» **Exercise inputs**

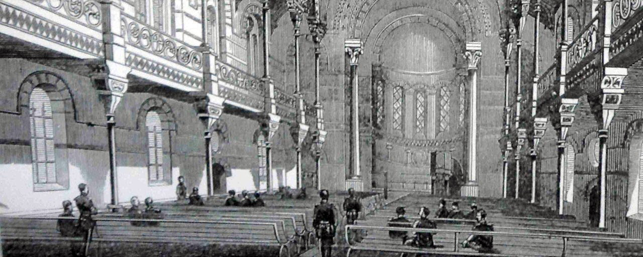 Interior view of St George's Garrison Church, Woolwich, South East London, shortly after its completion in 1863. The drawing appeared in The Illustrated London News.
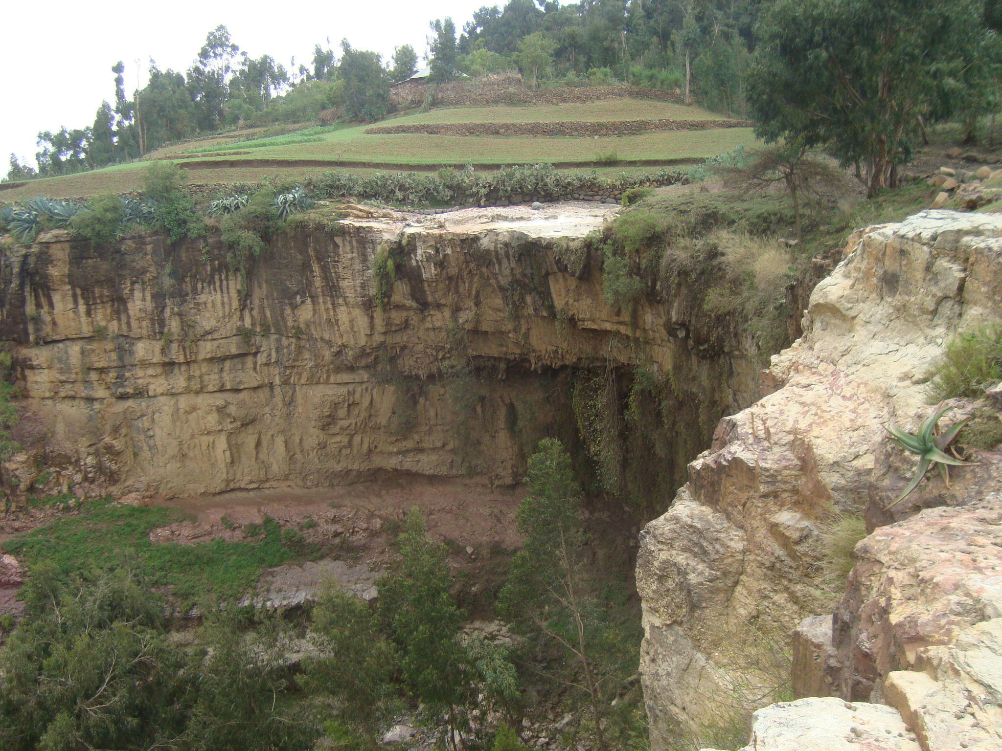 Dingilet waterfall in Dogu'a Tembien - Amba Aradam sandstone
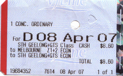 V/Line rail ticket, with Metcard and Geelong Transit System zones as well
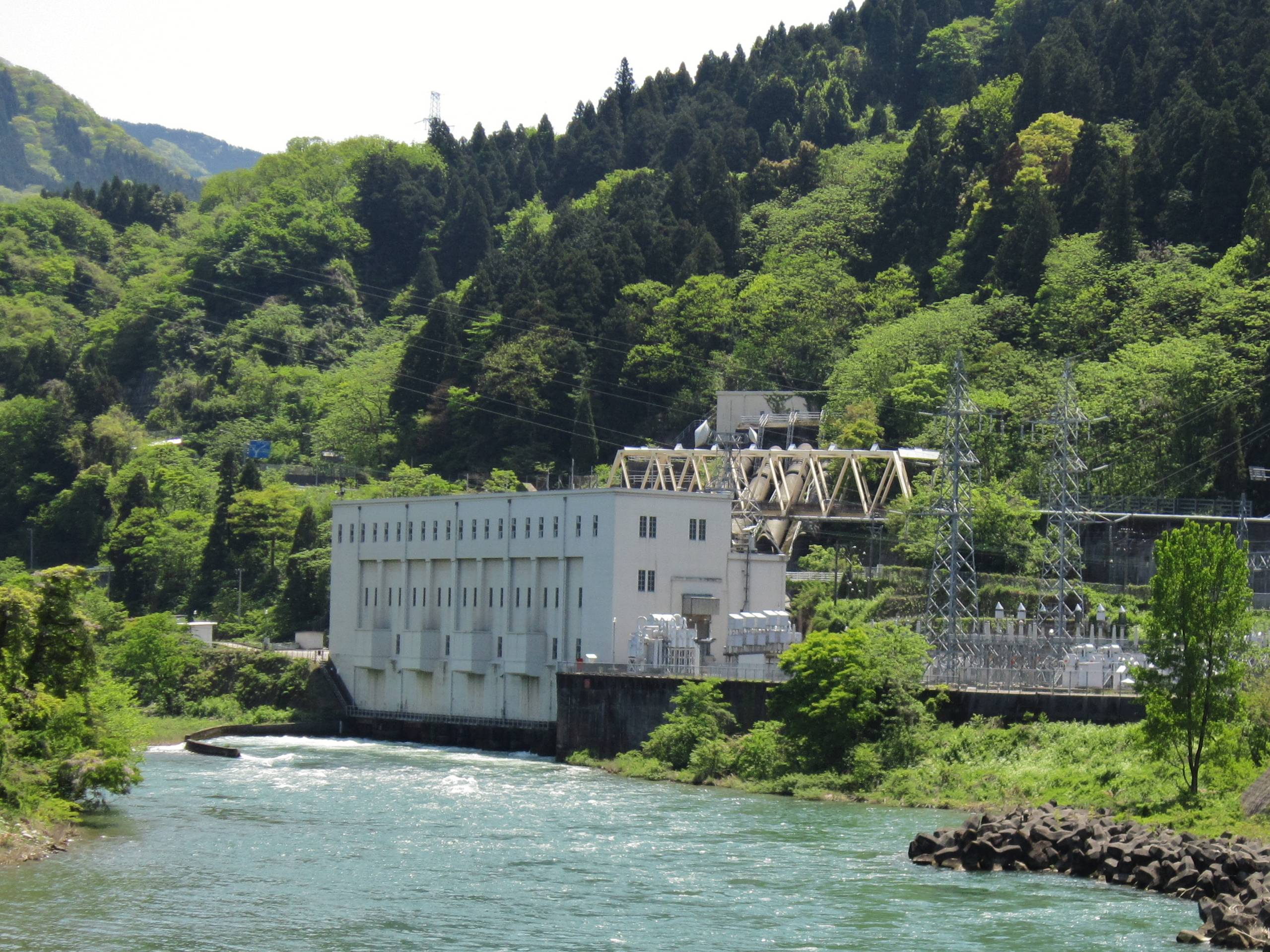 Komaki power station.
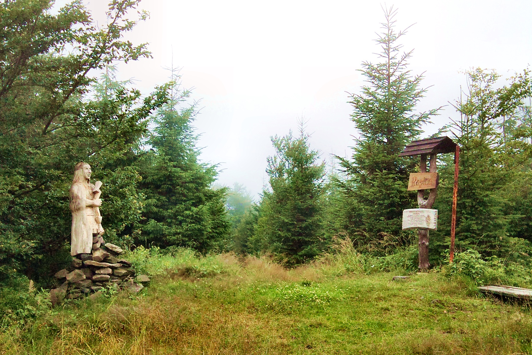 Summit of Ropice with a woodden statue of Perun.

» **Exercise details**
Reproduce the listing exactly, but keep its images out of the copy.

» **Answer section**
 Interior view of St George's Garrison Church, Woolwich, South East London, shortly after its completion in 1863. The drawing appeared in The Illustrated London News.
 Dingilet waterfall in Dogu'a Tembien - Amba Aradam sandstone
 V/Line rail ticket, with Metcard and Geelong Transit System zones as well
 Komaki power station.
 Summit of Ropice with a woodden statue of Perun.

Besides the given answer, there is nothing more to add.